Problem requirements
Drop every picture, then transcribe the remaining data exactly.

[Collection entries]
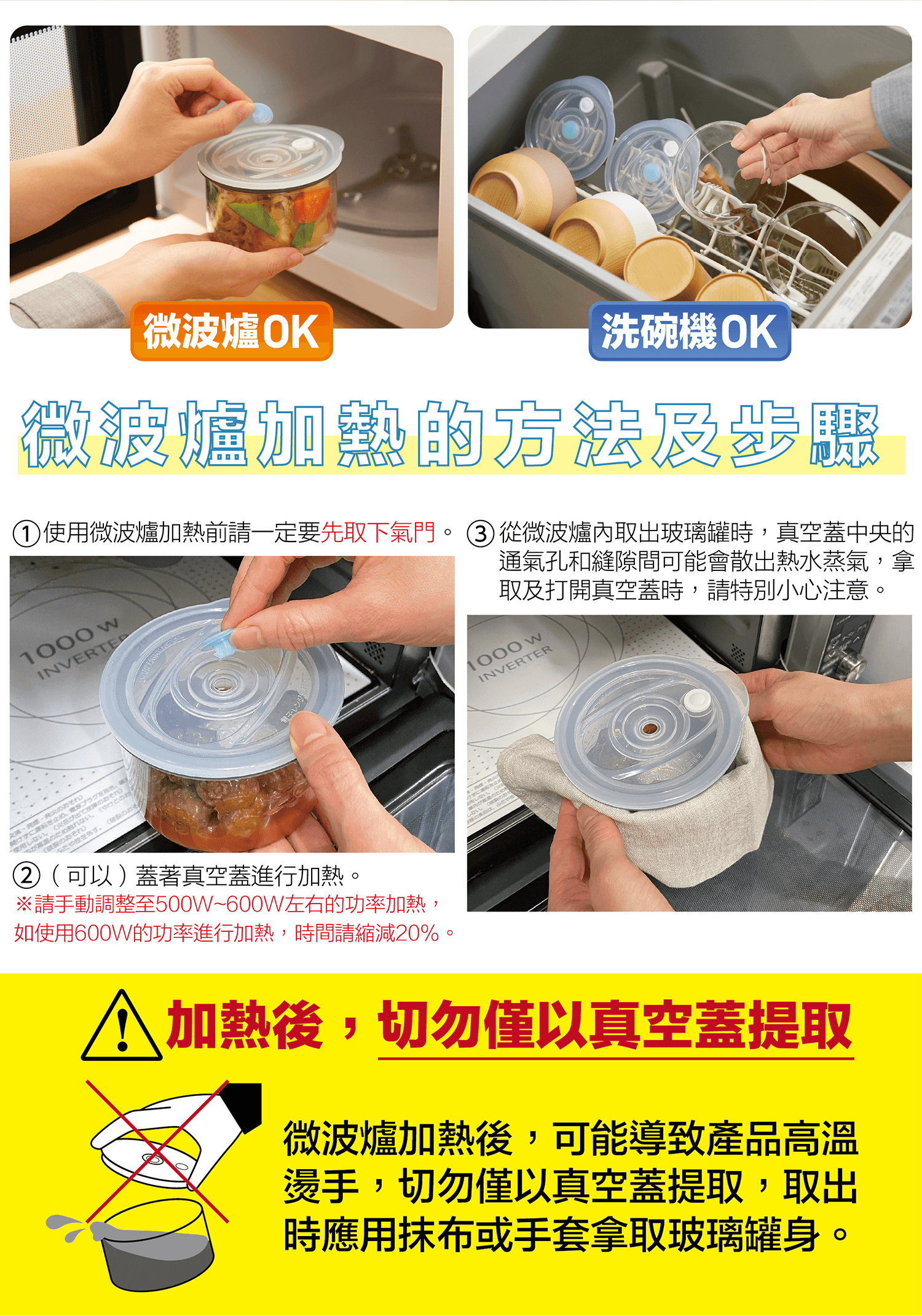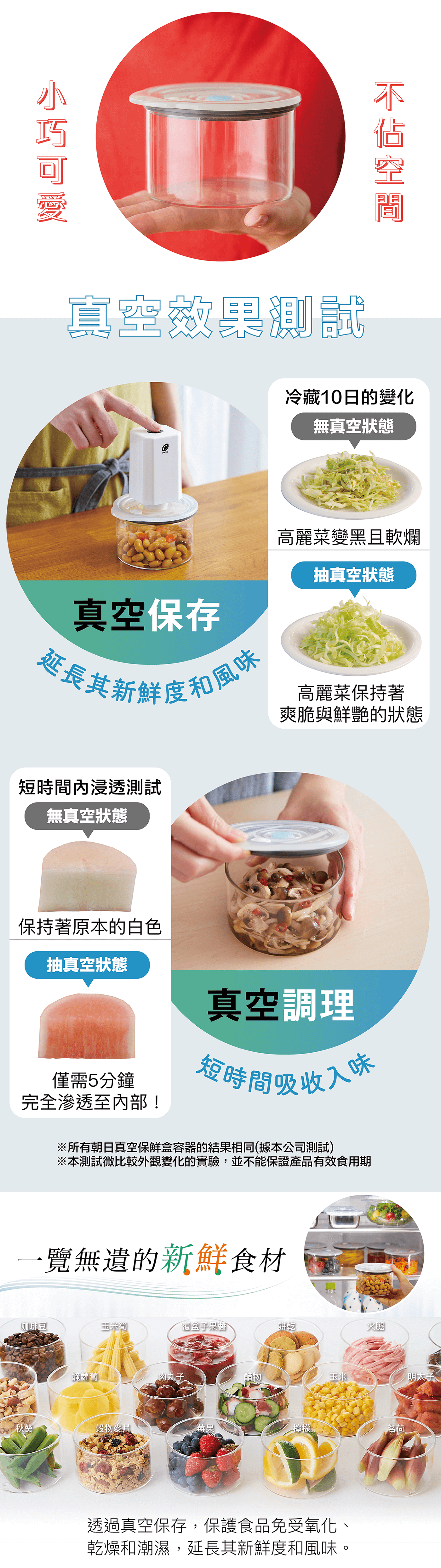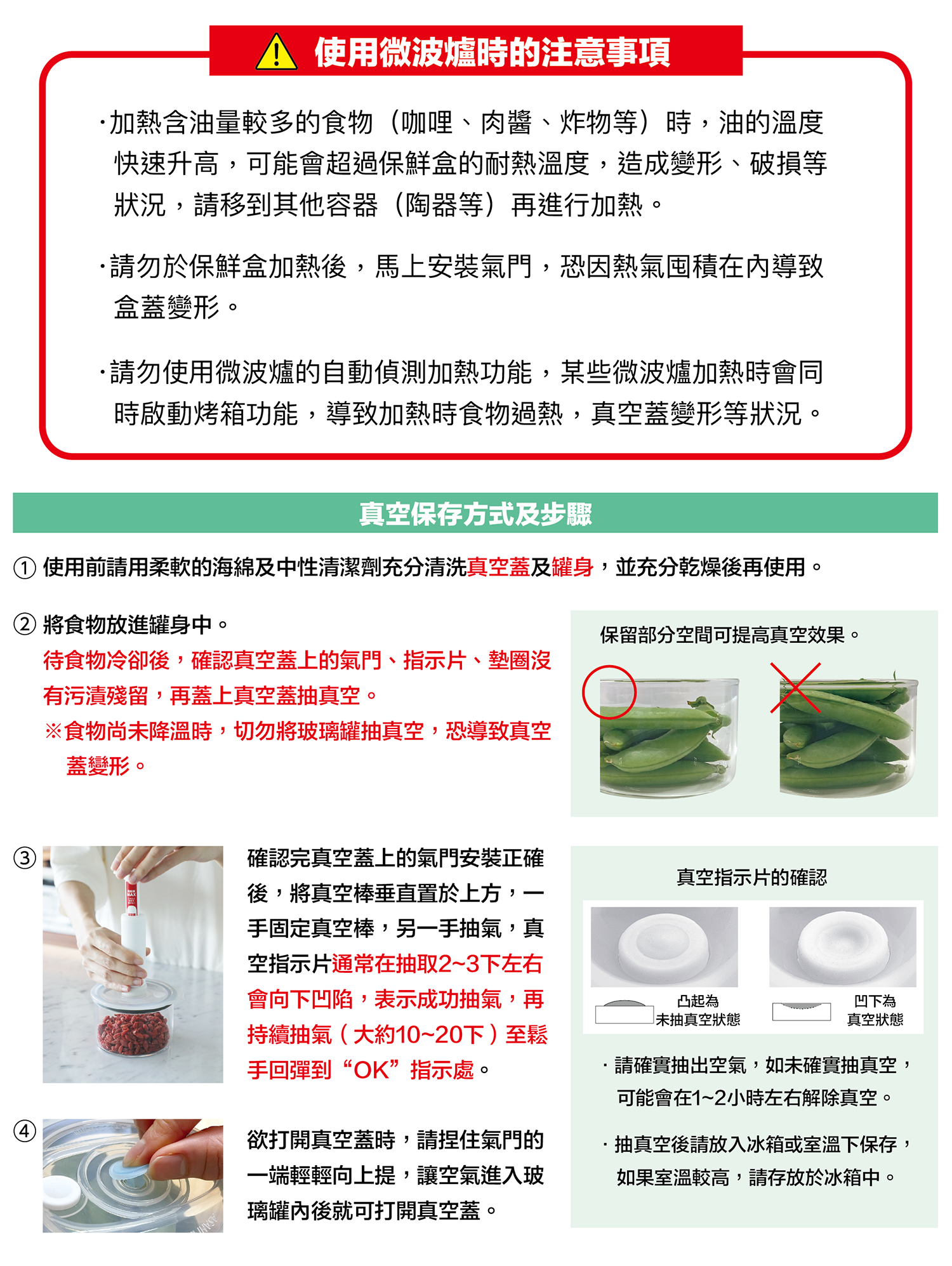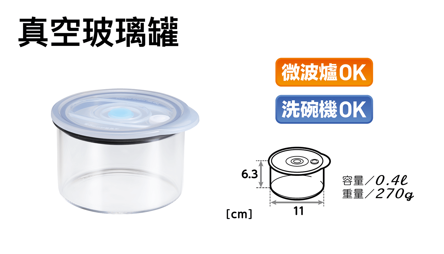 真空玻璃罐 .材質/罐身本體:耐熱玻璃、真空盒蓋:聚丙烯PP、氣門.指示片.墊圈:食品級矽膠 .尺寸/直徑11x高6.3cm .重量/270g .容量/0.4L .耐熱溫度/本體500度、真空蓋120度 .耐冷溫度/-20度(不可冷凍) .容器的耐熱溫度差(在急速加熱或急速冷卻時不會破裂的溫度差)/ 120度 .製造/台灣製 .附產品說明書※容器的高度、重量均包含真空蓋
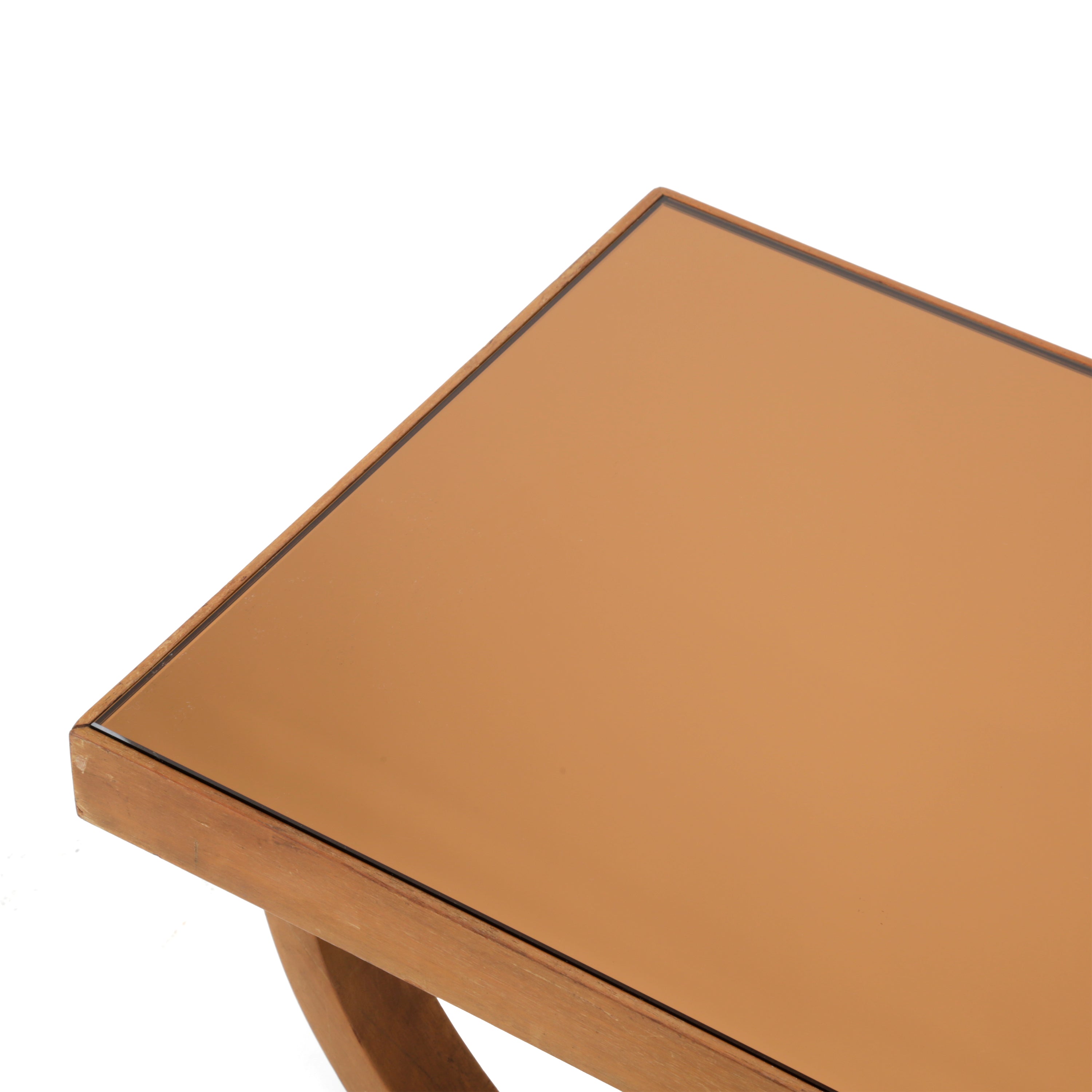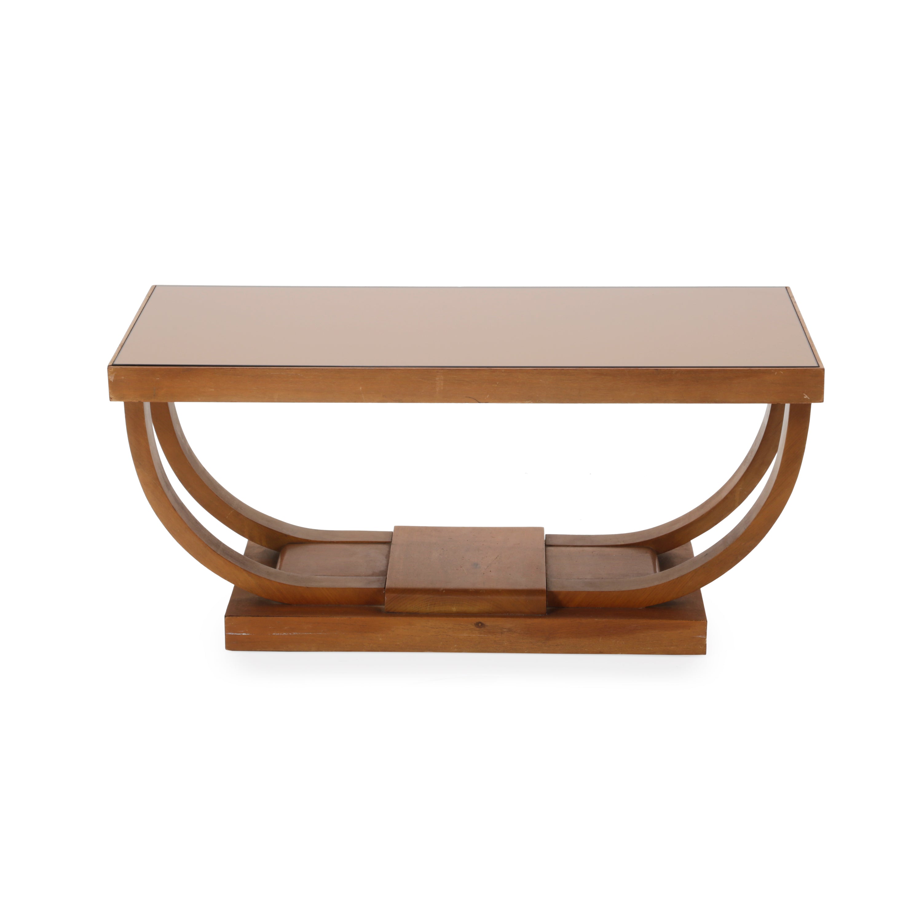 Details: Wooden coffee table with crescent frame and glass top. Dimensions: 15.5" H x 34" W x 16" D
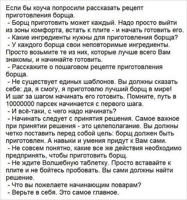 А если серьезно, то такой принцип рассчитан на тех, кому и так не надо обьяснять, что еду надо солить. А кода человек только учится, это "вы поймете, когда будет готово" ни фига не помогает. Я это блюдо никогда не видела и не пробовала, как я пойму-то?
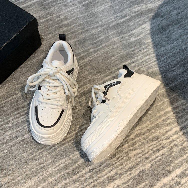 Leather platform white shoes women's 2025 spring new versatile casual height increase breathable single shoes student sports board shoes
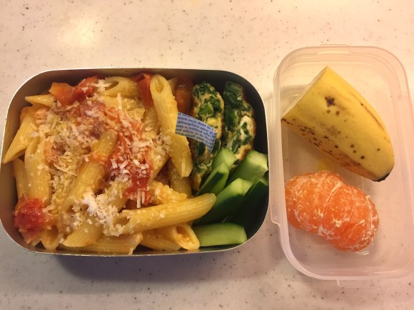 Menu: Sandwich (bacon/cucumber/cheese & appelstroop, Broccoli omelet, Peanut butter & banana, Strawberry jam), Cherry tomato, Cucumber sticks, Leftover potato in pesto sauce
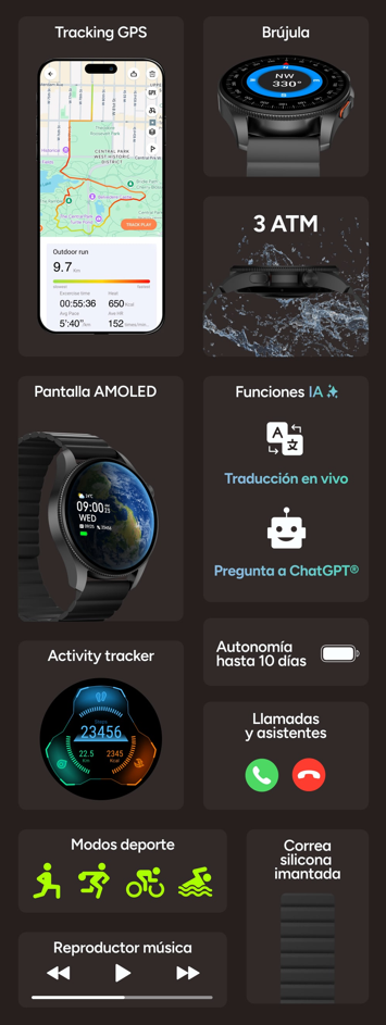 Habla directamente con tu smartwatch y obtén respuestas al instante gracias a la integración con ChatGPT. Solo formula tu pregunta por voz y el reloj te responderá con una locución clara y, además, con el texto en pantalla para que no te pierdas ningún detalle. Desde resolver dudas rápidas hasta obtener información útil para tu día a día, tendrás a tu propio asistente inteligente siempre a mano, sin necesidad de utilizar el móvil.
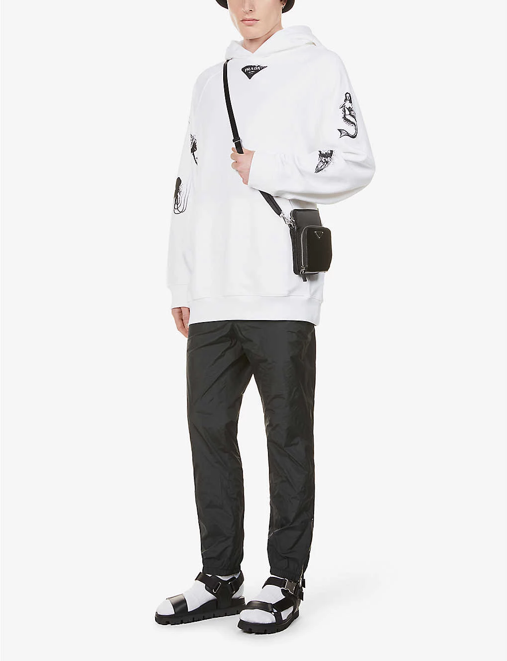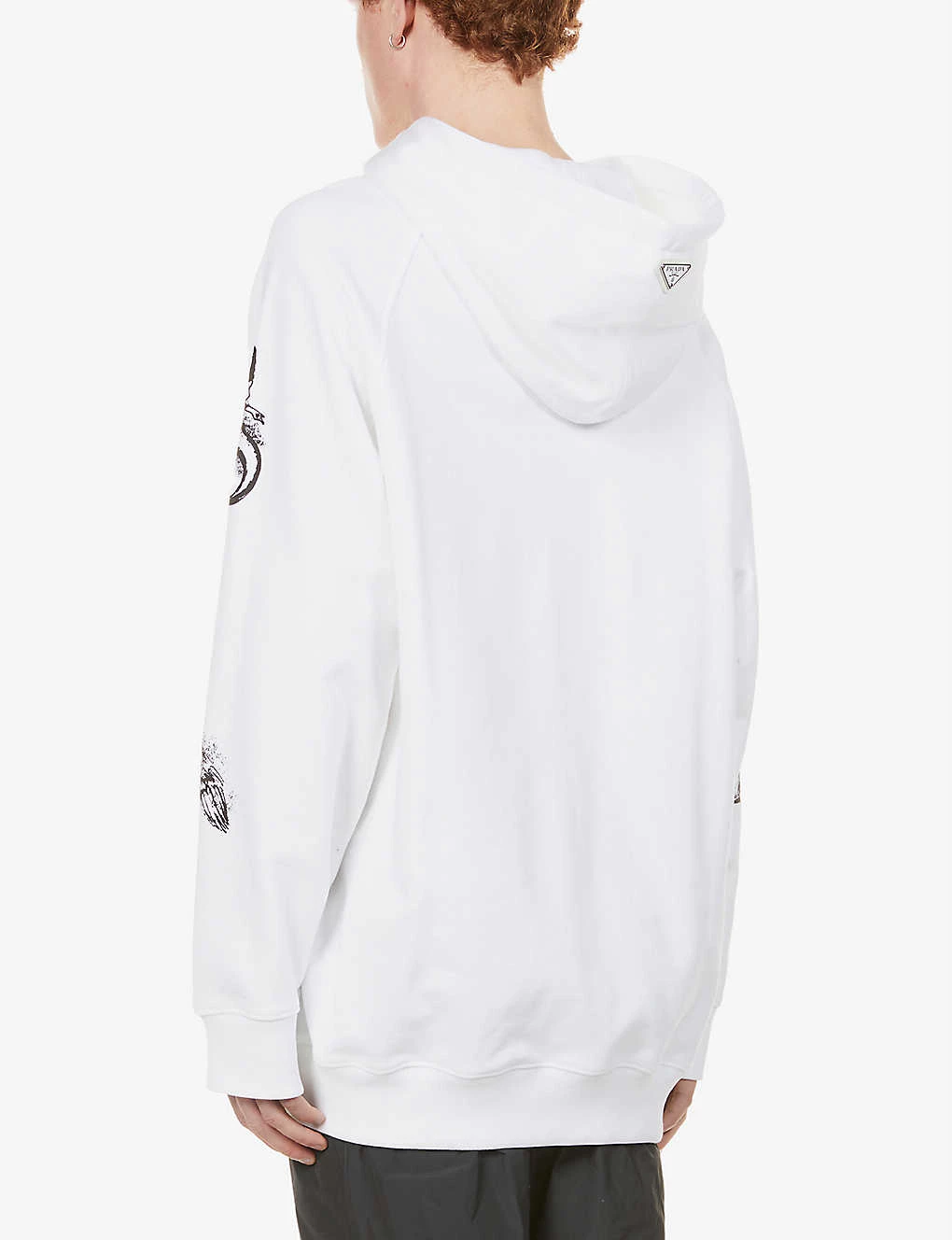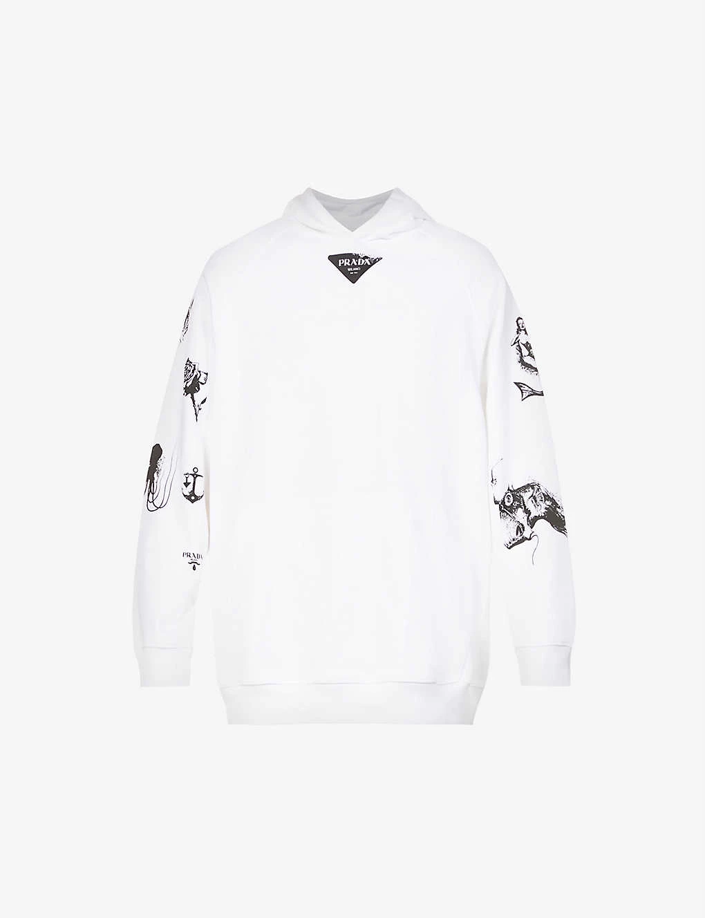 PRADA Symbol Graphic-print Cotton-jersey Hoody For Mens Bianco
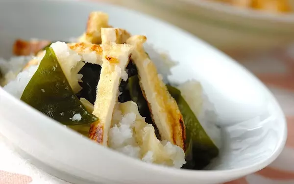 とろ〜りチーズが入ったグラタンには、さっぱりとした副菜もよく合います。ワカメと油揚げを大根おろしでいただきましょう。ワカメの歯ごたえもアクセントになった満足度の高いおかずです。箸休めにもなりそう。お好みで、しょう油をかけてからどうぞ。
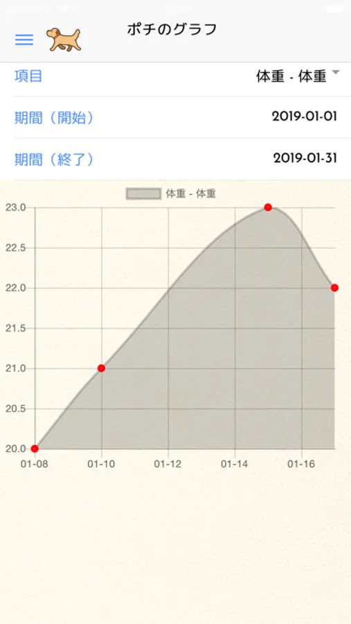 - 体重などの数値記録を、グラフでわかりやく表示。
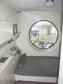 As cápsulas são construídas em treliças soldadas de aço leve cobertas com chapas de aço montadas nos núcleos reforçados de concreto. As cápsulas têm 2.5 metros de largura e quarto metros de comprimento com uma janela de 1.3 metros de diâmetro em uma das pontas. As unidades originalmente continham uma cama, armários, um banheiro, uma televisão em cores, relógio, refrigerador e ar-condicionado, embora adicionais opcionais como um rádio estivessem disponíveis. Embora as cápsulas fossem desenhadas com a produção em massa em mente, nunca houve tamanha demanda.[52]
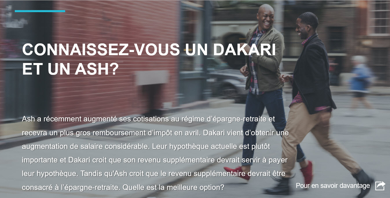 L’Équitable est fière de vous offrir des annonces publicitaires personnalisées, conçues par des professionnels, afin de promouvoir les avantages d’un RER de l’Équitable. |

Response to the exercise
 真空玻璃罐 .材質/罐身本體:耐熱玻璃、真空盒蓋:聚丙烯PP、氣門.指示片.墊圈:食品級矽膠 .尺寸/直徑11x高6.3cm .重量/270g .容量/0.4L .耐熱溫度/本體500度、真空蓋120度 .耐冷溫度/-20度(不可冷凍) .容器的耐熱溫度差(在急速加熱或急速冷卻時不會破裂的溫度差)/ 120度 .製造/台灣製 .附產品說明書※容器的高度、重量均包含真空蓋
 Details: Wooden coffee table with crescent frame and glass top. Dimensions: 15.5" H x 34" W x 16" D
 А если серьезно, то такой принцип рассчитан на тех, кому и так не надо обьяснять, что еду надо солить. А кода человек только учится, это "вы поймете, когда будет готово" ни фига не помогает. Я это блюдо никогда не видела и не пробовала, как я пойму-то?
 Leather platform white shoes women's 2025 spring new versatile casual height increase breathable single shoes student sports board shoes
 Menu: Sandwich (bacon/cucumber/cheese & appelstroop, Broccoli omelet, Peanut butter & banana, Strawberry jam), Cherry tomato, Cucumber sticks, Leftover potato in pesto sauce
 Habla directamente con tu smartwatch y obtén respuestas al instante gracias a la integración con ChatGPT. Solo formula tu pregunta por voz y el reloj te responderá con una locución clara y, además, con el texto en pantalla para que no te pierdas ningún detalle. Desde resolver dudas rápidas hasta obtener información útil para tu día a día, tendrás a tu propio asistente inteligente siempre a mano, sin necesidad de utilizar el móvil.
 PRADA Symbol Graphic-print Cotton-jersey Hoody For Mens Bianco
 とろ〜りチーズが入ったグラタンには、さっぱりとした副菜もよく合います。ワカメと油揚げを大根おろしでいただきましょう。ワカメの歯ごたえもアクセントになった満足度の高いおかずです。箸休めにもなりそう。お好みで、しょう油をかけてからどうぞ。
 - 体重などの数値記録を、グラフでわかりやく表示。
 As cápsulas são construídas em treliças soldadas de aço leve cobertas com chapas de aço montadas nos núcleos reforçados de concreto. As cápsulas têm 2.5 metros de largura e quarto metros de comprimento com uma janela de 1.3 metros de diâmetro em uma das pontas. As unidades originalmente continham uma cama, armários, um banheiro, uma televisão em cores, relógio, refrigerador e ar-condicionado, embora adicionais opcionais como um rádio estivessem disponíveis. Embora as cápsulas fossem desenhadas com a produção em massa em mente, nunca houve tamanha demanda.[52]
 L’Équitable est fière de vous offrir des annonces publicitaires personnalisées, conçues par des professionnels, afin de promouvoir les avantages d’un RER de l’Équitable. |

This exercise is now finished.